We were both young men looking to make our way outside and Terry came to everything he did with a level of application that I recognized and admired.  Setbacks didn’t faze him; he would treat them with a shrug, or even a joke, and keep going.  To put it in a few words, Ferreira would stay the course; he didn’t fold.  A few years ago, living again in Guyana, I sent him a note on that point about the commitment he always showed.  I don’t recall what triggered it, but in the note I said the following:

“On the subject of ‘trying’ that I emailed you earlier…you and I were always back and forth about Lara.  You know why I loved Lara?  Yes, part of it was that glorious, sweeping stroke, starting from high and coming through like a pendulum, like ballet…no other batsman I ever saw could play with that kind of effortless beauty…but the other part, the more important part, is that the banna never folded.

He always came out there to put out.  It wasn’t the runs.  Yes, the runs mattered very much, but what mattered more was always not giving in.  Yeah, sometimes he would score duck but he would do it playing a shot, not backing down. Even when he made duck, he made it going for something.

Hear him talk about the 375, how on the third hundred he felt drained, he had gotten 300, take that and go, but his mind told him, ‘there’s more, keep going’. Sure, sometimes the situation or the bowlers would tie him down, but even then he didn’t throw away his wicket; he buckled down, held the fort until they tired, and then he turned on the heat again. How much he scored was secondary; what was crucial was he put up a fight.

That’s what I loved about the banna.  You can’t possibly mek dem runs against England, like in the Barbados match, but he did it.  Don’t fold.  Like in the 275 in Australia when almost everybody folded. That’s one of things I love about you.  I never seen you fold, ever, not once. That’s one of the things that grabbed me about my second wife, Angela. She didn’t fold.

Even when things falling apart, or somebody bus’in her tail about something, or I’m urging her not to work so hard, she didn’t fold. She keeps going.  She finds the grit somewhere. You got to love that.  I’m drawn to that like iron to magnet.  For me, it’s the key.  In all the people I’m drawn to – my sister Mell, my first daughter Luana, my niece Allison, my friend Vic Fernandes, in Barbados, my wife Annette now, my friend Henry Muttoo in Cayman – that’s where it is for me.  If you don’t have that, if you’re not committed, if you don’t stand up, if you’re not putting out, I’m not interested in your backside.”

I wrote that some years ago now, but I still feel the same way.  It still governs.  It’s still in play for me big time.  So it’s why I’m drawn to the local businessman Dennis Diaz who has become a good friend here.  I’ve seen him reacting to situations of stress, large or small, and the notion of bailing out is not on his horizon; he’ll find some bright spot in the situation, even some humour, and he keeps going.

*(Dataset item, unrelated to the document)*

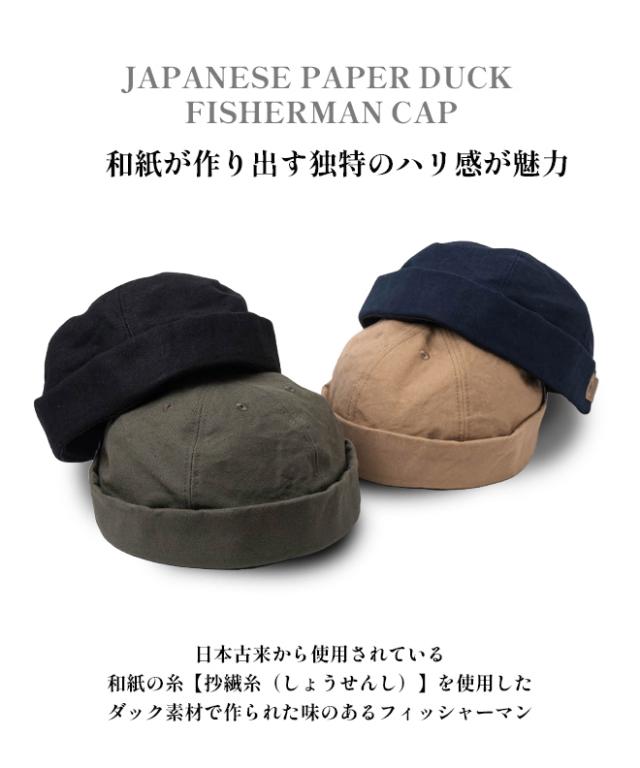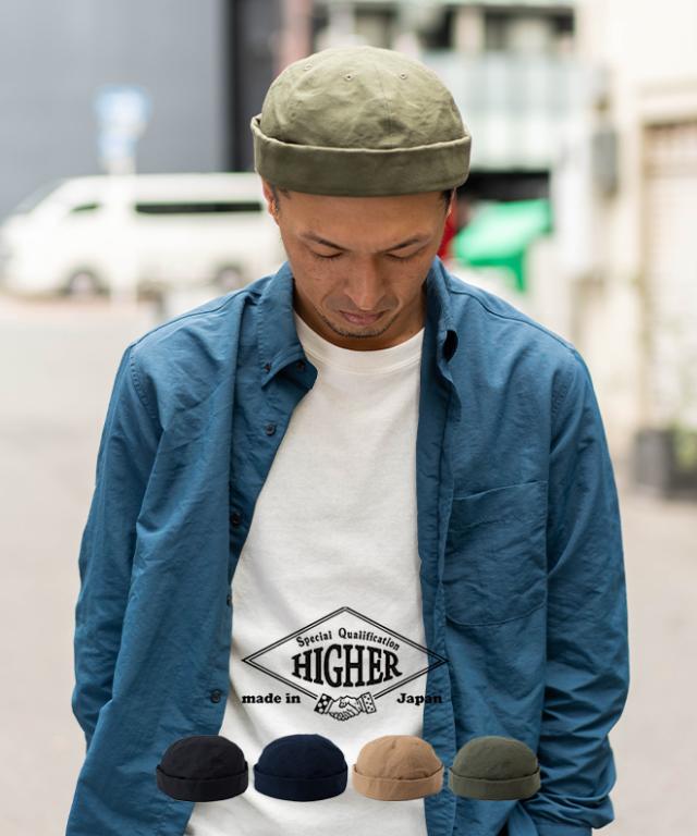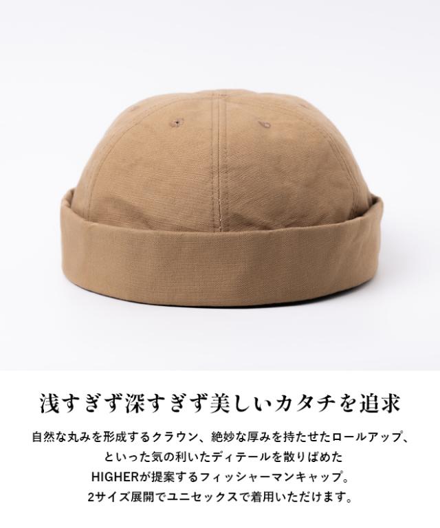 HIGHER ハイアー JAPANESE PAPER DUCK FISHERMAN フィッシャーマンキャップ ロールキャップ 帽子 メンズ レディース コットン ツバ無し 和紙 日本製 春 夏 無地 ワーク アメカジ 黒 ブラック ベージュ カーキ
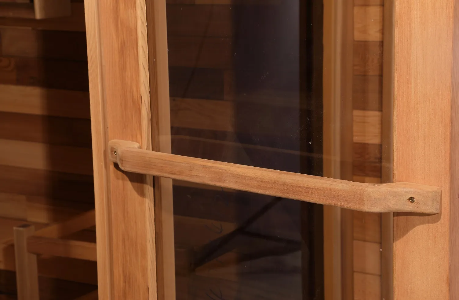 Vyrobeno z vysoce kvalitního přírodního jedlicového dřeva s jemnou a hřejivou kresbou s jemnou přírodní vůní dřeva, která je příjemná na dotek. Materiál prochází profesionální antikorozní úpravou, pyšní se rovnoměrnou hustotou a odolností proti deformaci a praskání. Ať už je vystavena přímému slunečnímu světlu na terase nebo vlhkému prostředí na nádvoří, zachovává si stabilní texturu pro dlouhodobé používání a kombinuje přirozenou estetiku s praktickou odolností a vytváří pro vaše venkovní saunování poklidnou atmosféru inspirovanou lesem.

Retired Major General Joe Singh is another one. Impediments in the way?  Take a couple breaths, circumvent, improvise, but stay with the task; the mission is worthwhile, don’t let the heat deter you.  Nigel Hughes, another stalwart.

Mind you, Nigel seems big enough to handle whatever comes, but sometimes, while I won’t name names, you see big men like Nigel give up and go home. Freddie Kissoon is another one.  I’m not a friend of his, I don’t think we’ve ever spoken, but in the things he writes time and again Freddie is taking a stand, sometimes a controversial one, coming hard at someone or some issue, and inevitably, given the course he’s on, the flak will come.  Freddie holds hard.  He will apologise sometimes for an overstatement, but he stands up for his opinions.

He doesn’t fold. Another example, from my previous life in Cayman, is the late Ormond Panton (I mention him often) who was a pillar in that regard; as a leading politician in Cayman, he refused bribes, and stood up immovable on critical issues.

On one occasion, he even ended up in fisticuffs in Government House with the then English Governor of the country who wanted Panton to drop his opposition to an issue.

As Caribbean people, that is often our failing – we end up settling for less. We’re seeing some of it in recent years in Guyana, and every time it appears it bothers me; as I said earlier, if you’re not trying, if you’re not standing up, I gone.  If you don’t give a damn, I truly don’t have time for you.